Répondant aux questions du procureur du St-Michel Archange et des docteurs Roy et Dorion, il exprimait aussi l'avis que le délai de dix jours pour prendre une décision était à l'époque normal et prudent et qu'il aurait lui-même, ayant lu le dossier hospitalier et particulièrement les pages 3 à 9, recommandé la cure fermée après avoir conclu à un diagnostic similaire. Selon lui, tous les faits s'intégraient pour démontrer un état paranoïaque. Il se fondé sur les faits révélés par l'épouse dont le récit lui apparaìt crédible et impossible à imaginer pour un non-initié, et sur ceux révélés par examen mental et l'histoire actuelle du patient. Selon lui, la cure fermée à St-Michel Archange était justifié jusqu'au départ pour Montréal vu le refus continuel de coopération avec son médecin traitant, l'absence d'autocritique, le danger de retour avec l'épouse, l'absence d'alternatives, dont entre autres l'insuccès de la visite du frère.
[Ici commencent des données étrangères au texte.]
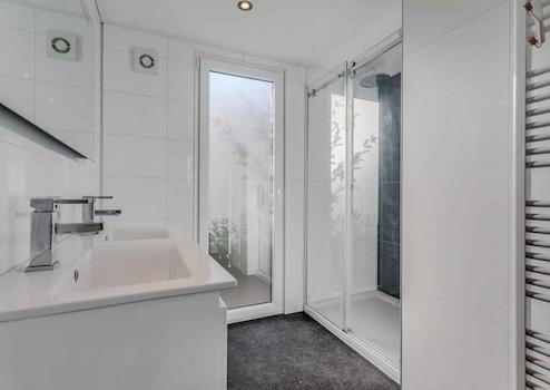 Dieses Badezimmer ist sehr geräumig. Große Duschkabine mit regen Duschkopf und ein Doppelwaschbecken mit Waschbecken Schrank.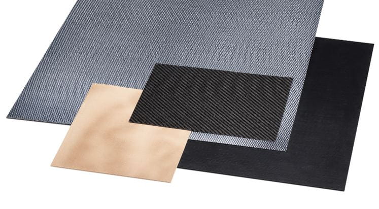 Thermoplastische Organobleche von Ensinger. Die mehrlagigen, vollständig imprägnierten und konsolidierten Faserverbundwerkstoffe werden aus Kohlenstoff- oder Glasfasergeweben und vielfältigen Matrixmaterialien hergestellt. Die Organobleche bestehen aus mehreren Lagen Prepreg- oder Semipreg-Material, die nach Kundenspezifikation aufgeschichtet und dann zu einem Zuschnitt mit einer Dicke von bis zu 5 mm gepresst werden. (Foto: © Ensinger)
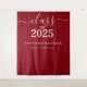 This minimalist and modern graduation backdrop/photo booth/prop tapestry features a burgundy background with the words "class of 2025" in elegant stylish font. Customize name and school name of your graduate. Easy to customize.

Une certaine période de temps était requise pour découvrir une solution sans danger pour le patient ou pour les tiers.

Après avoir dit au procureur du demandeur que les affirmations qu'au début le docteur Delev faisait d'être consentant à accepter la séparation ou le divorce ne pouvaient sans doute alors être acceptées par le médecin traitant autrement que comme un autre moyen de tenter de quitter l'hôpital, le docteur Coulombe dira que le patient aurait pu démonter soit un erreur de diagnostic, soit la guérison en acceptant de collaborer pleinement avec les médecins en discutant raisonnablement des allégations au dossier. A son avis, le dossier démontre que le docteur Delev a refusé d'agir ainsi.

Un autre élément était l'absence d'autocritique qui apparaìt de l'idée maìtresse, si non unique, du demandeur de convaincre tous qu'il était le seul à avoir raison et de son refus de discuter rationnellement les sujets proposés préférant toujours nier sans discussion. Si le demandeur avait voulu adopter l'attitude contraire, ce qui ne veut pas dire simplement admettre les faits, il aurait peut-être été possible de conclure à une amélioration. Établir un contact avec son médecin, plutôt que de toujours le critiquer et lui dire qu'il est jeune et sans expérience, aurait aussi indiqué qu'il réalisait la situation.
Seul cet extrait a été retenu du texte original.